Tag Archives: float

Making floating point numbers smaller

When making a demo in 64kB (or less!), many unexpected issues arise. One issue is that floating point numbers can take quite a lot of space. Floats are found everywhere: position of objects in the world, position of the camera, constants for the effects, colors in the texture generator, etc. In practice, we often don’t need as much precision as offered by floats. Can we take advantage of that to pack more data in a smaller space?

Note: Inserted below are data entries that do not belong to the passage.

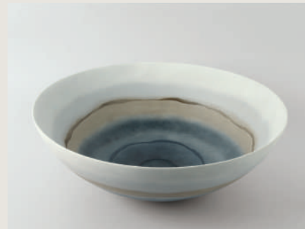
LAVABO CANVAS BLUE 225780 /ZP 1150 40 X 15 CM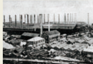
1930年当時の葺合工場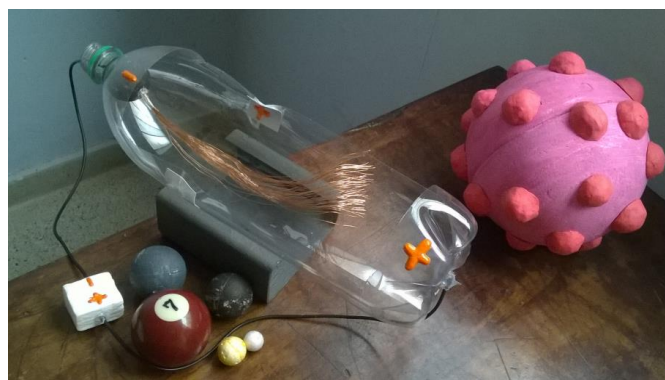
Figura 02: Foto dos materiais táteis desenvolvidos para explicação dos modelos atômicos de Dalton e Thomson.

O material e o experimento em si são novamente explicados para que o aluno pudesse agora tatear a representação do tubo de Crookes e compreendê-lo. Nesse material, feito de garrafa PET, os raios (feixes luminosos) são representados por fios metalizados, que possuem um desvio para um lado específico do tubo, demarcado por uma carga positiva. Discute-se com respeito à distribuição das cargas elétricas na estrutura atômica, que se iniciou no modelo atômico proposto por Thomson. Um material, que se resume em uma bola de isopor esférica rodeada de semiesferas feitas de massinha de modelar, é entregue para que o cego pudesse desenvolver uma impressão tátil daquele modelo. Figura 02.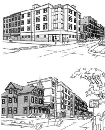
Рис. 1. Притулок. Будинок-вставка у США. Придатний до будь-яких типів міст, включаючи кутове розташування

1.4. Розташування мобільного житла за околицями міста;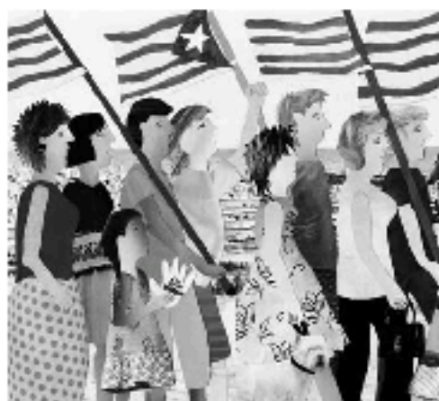
L'artista Balís Catmi s'ha inspirat en la manifestació del 10 de juliol per muntar l'exposició "Camíem!" ( www.pladelaalma.com ).

I és que el llistat d'entitats i organitzacions adherides a la manifestació és amplíssim i no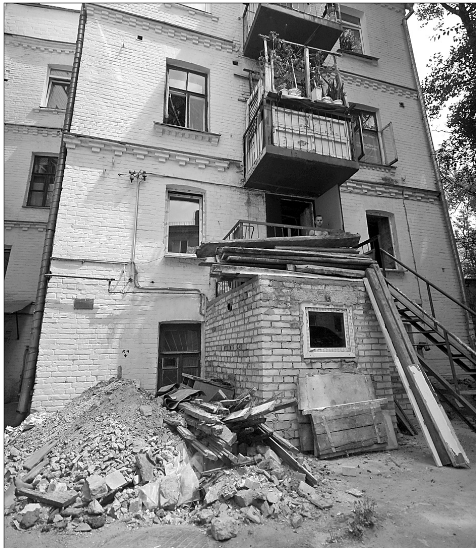
З настанням ремонтного сезону утилізація будівельного сміття стає неабиякою проблемою

Якщо і є договір з ЖЕКом щодо надання комунальних послуг, то самостійно вивозити сміття мешканці не зобов'язані, інформують фахівці Головного управління комунального господарства КМДА, це робота постачальника цих самих послуг. До слова, в цьому договорі вказують перелік робіт, які повинна виконувати експлуатаційна організація, зокрема там має бути й вивезення побутового і будівельного сміття. Інша річ, що бетон, кахель та інші важкі відходи не можна кидати у звичайні контейнери. Їх ліпше складати в мішки і виносити на сміттєвий майданчик. Якщо ж немає договору з ЖЕКом, то, можливо, і не вдасться переконати його начальника в тому, що утилізація будівельного сміття є обов'язком житлово-експлуатаційної організації. Тож доведеться за це заплатити. Зазвичай подача трактора з причепом коштує 50 гривень. Увесь непотріб потрібно зібрати в мішки і скласти в такому місці, де він не заважатиме сусідам та комунальним службам. Заборонено за-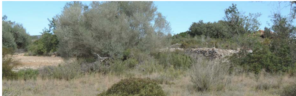
Vista general del ámbito

58. Banda de paso: Coord. UTM 31T 252831 4464702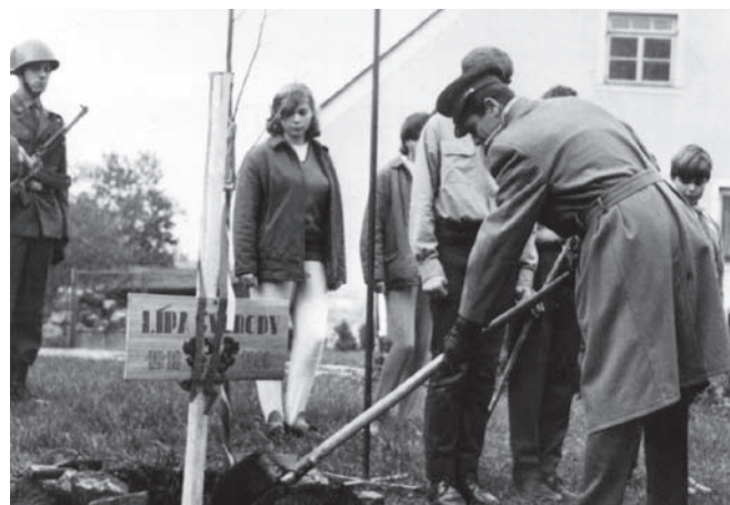
Sázení Lípy svobody na náměstí v Kašperských Horách 28. října 1968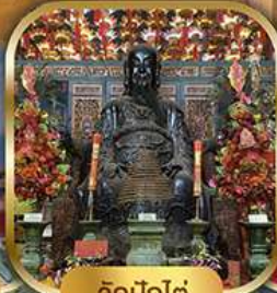
วัดปึกใต้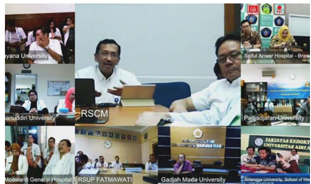
モニターに表示される接続施設。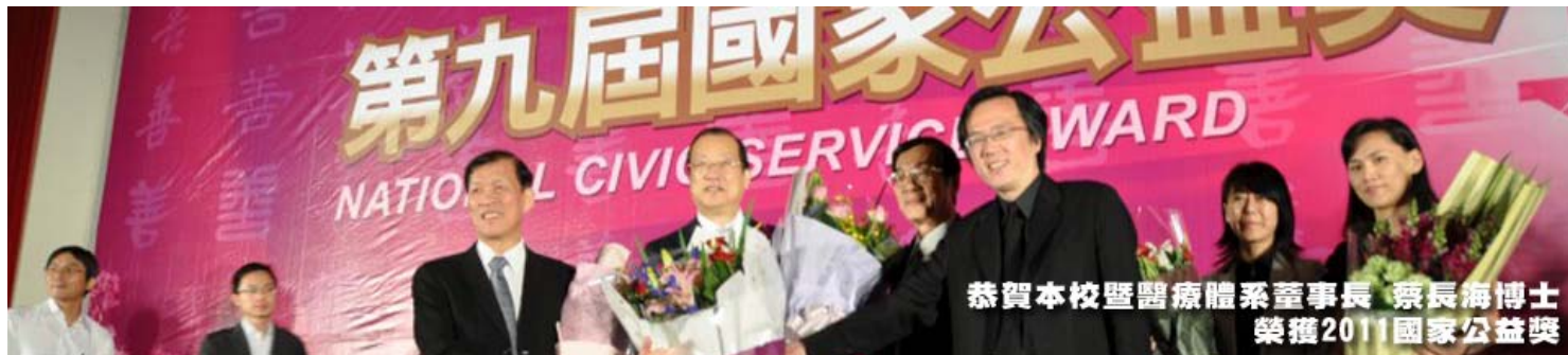
恭賀本校暨醫療體系董事長 蔡長海博士 榮獲2011國家公益獎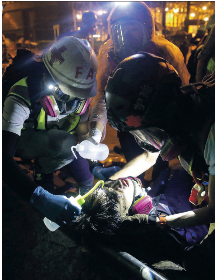
Un herido en las protestas recibe primeros auxilios en la universidad.

BARRICADAS Las barricadas provocaron un caos de tráfico generalizado en el centro financiero en los últimos días, por lo que grupos de voluntarios acudieron el sábado y el domingo a las cer-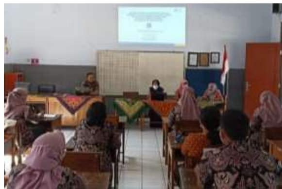
Gambar 1. Penyampaian Materi oleh Narasumber

Kegiatan PKM yang telah dilaksanakan menggunakan pendekatan pelatihan dan pendampingan, dengan tiga tahapan pelaksanaan guna meningkatkan kapasitas kepala sekolah dan guru dalam membudayakan nilai pancasila sebagai basis nilai penguatan pendidikan karakter di sekolah melalui pembinaan peserta didik serta penataan sarana prasarana. Tiga tahapan tersebut yakni tahap persiapan, pelatihan serta evaluasi. Pada tahap persiapan dilaksanakan pertemuan untuk penyamaan persepsi dengan Sekolah Dasar Laboratorium UM Kota Blitar sebagai mitra pengabdian, yang melibatkan tim dosen pelaksana pengabdian kepada masyarakat, pihak sekolah diwakili oleh kepala sekolah, dibantu oleh dua mahasiswa dan dua alumni. Koordinasi tersebut berkaitan dengan teknis pelaksanaan kegiatan, yang selanjutnya disusun panduan serta agenda kegiatan dan materi pelatihan.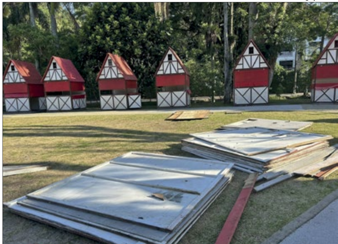
Montagem do Natal Imperial começa com itens da Prefeitura

Os problemas também ocorrem nas barracas. Na sexta (10), a Prefeitura anunciou o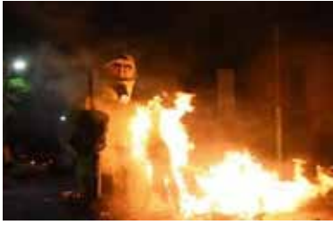
En 10 y 40, El Eternauta.

La Plata: la quema de muñecos volvió a marcar el 1º de enero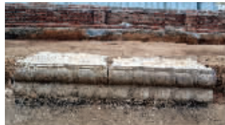
明代皇城西墙包边石墙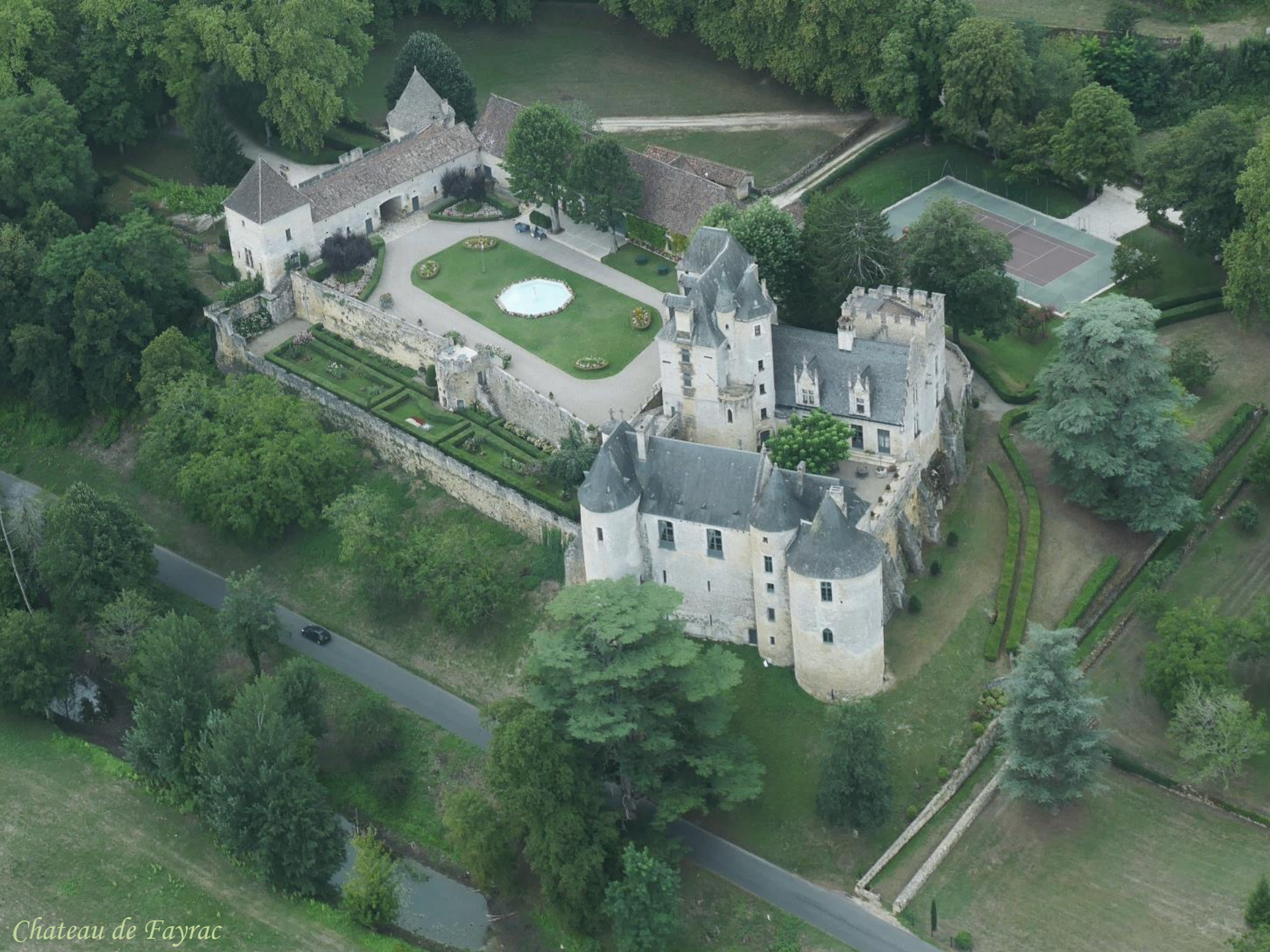
Chateau de Fayrac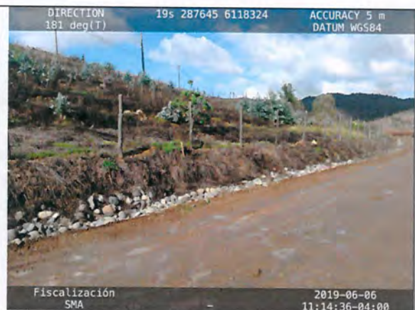
Figura N° 12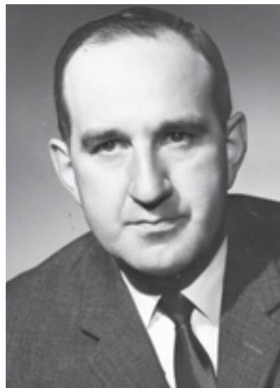
Le ministre du Travail et Vice-premier ministre du Québec, Pierre Laporte, enlevé le 10 octobre 1970 et retrouvé sans vie une semaine plus tard.

Saint-Lambert, vient ajouter au climat d'angoisse que le jeune Premier ministre Robert Bourassa, élu il y a cinq mois à peine, tente de résorber tant bien que mal.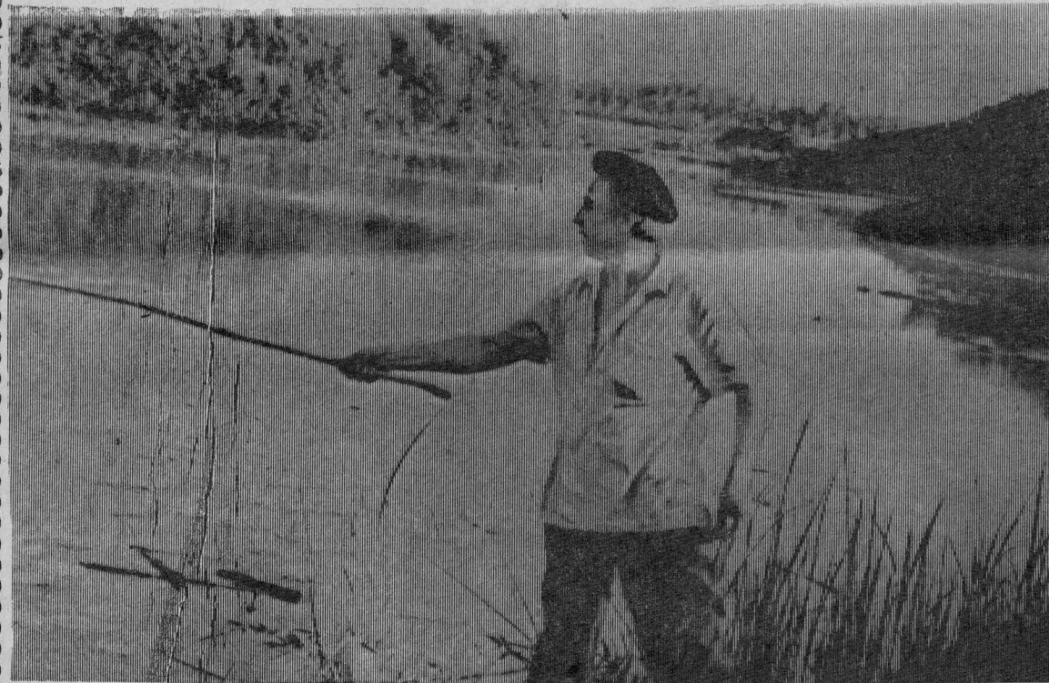
Наш земляк поэт В. Д. Федоров на берегах Яи, у села Марьевки.

Василий Федоров—известный советский поэт, автор целого ряда поэтических сборников и нескольких поэм «Ленинский подарок», «Белая роща», «Проданная Венера», «Седьмое небо» и др.—наш земляк нынешним летом побывал в своем родном селе Марьевка.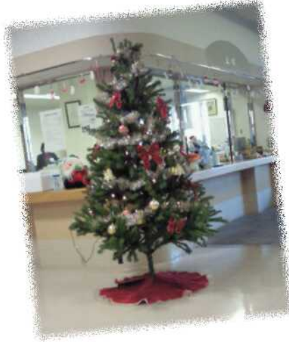
やあらぎの郷 玄関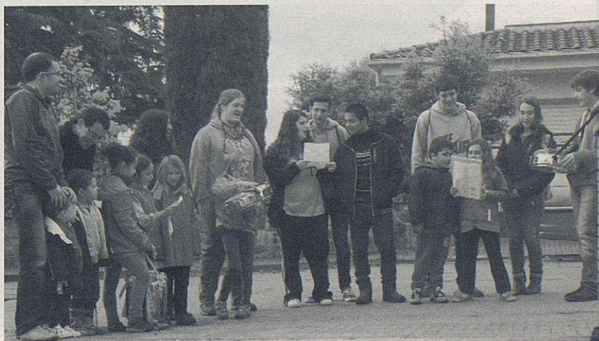
El grup que va recórrer el poble cantant les Caramelles.

Dilluns de Pasqua es va despertar amb un plugim empipador, especialment pels esplaiers que, com cada

In many cases, it’s not important if an object is 2.2 or 2.21 meters high. Our goal is to reduce the amount of space used by those numbers. A float takes 4 bytes (8 bytes for a double). This can be reduced a bit with compression, but when there are thousands of them, it’s still quite big. We can do better.

A naïve solution

Suppose we have some numbers between 0 and 1000, and we need a precision of 0.1. We could store those numbers as integers between 0 and 10000 and then divide by 10. Whether we use 32 bit or 16 bit integers in the code doesn’t make a difference: since we don’t use their full range of values, all these integers start with leading 0s. The compression code will detect such repetitive 0s and use around 13 bits per number in both cases.

The problem with this solution is that we need some processing in the runtime code. Each time we use a number, we have to convert it to a float and divide it by 10. If all our data is in a same place, we can loop over it. But if we have numbers all over our code base, we’ll also need processing code in all those places. This simple operation can be cumbersome and expensive in terms of space.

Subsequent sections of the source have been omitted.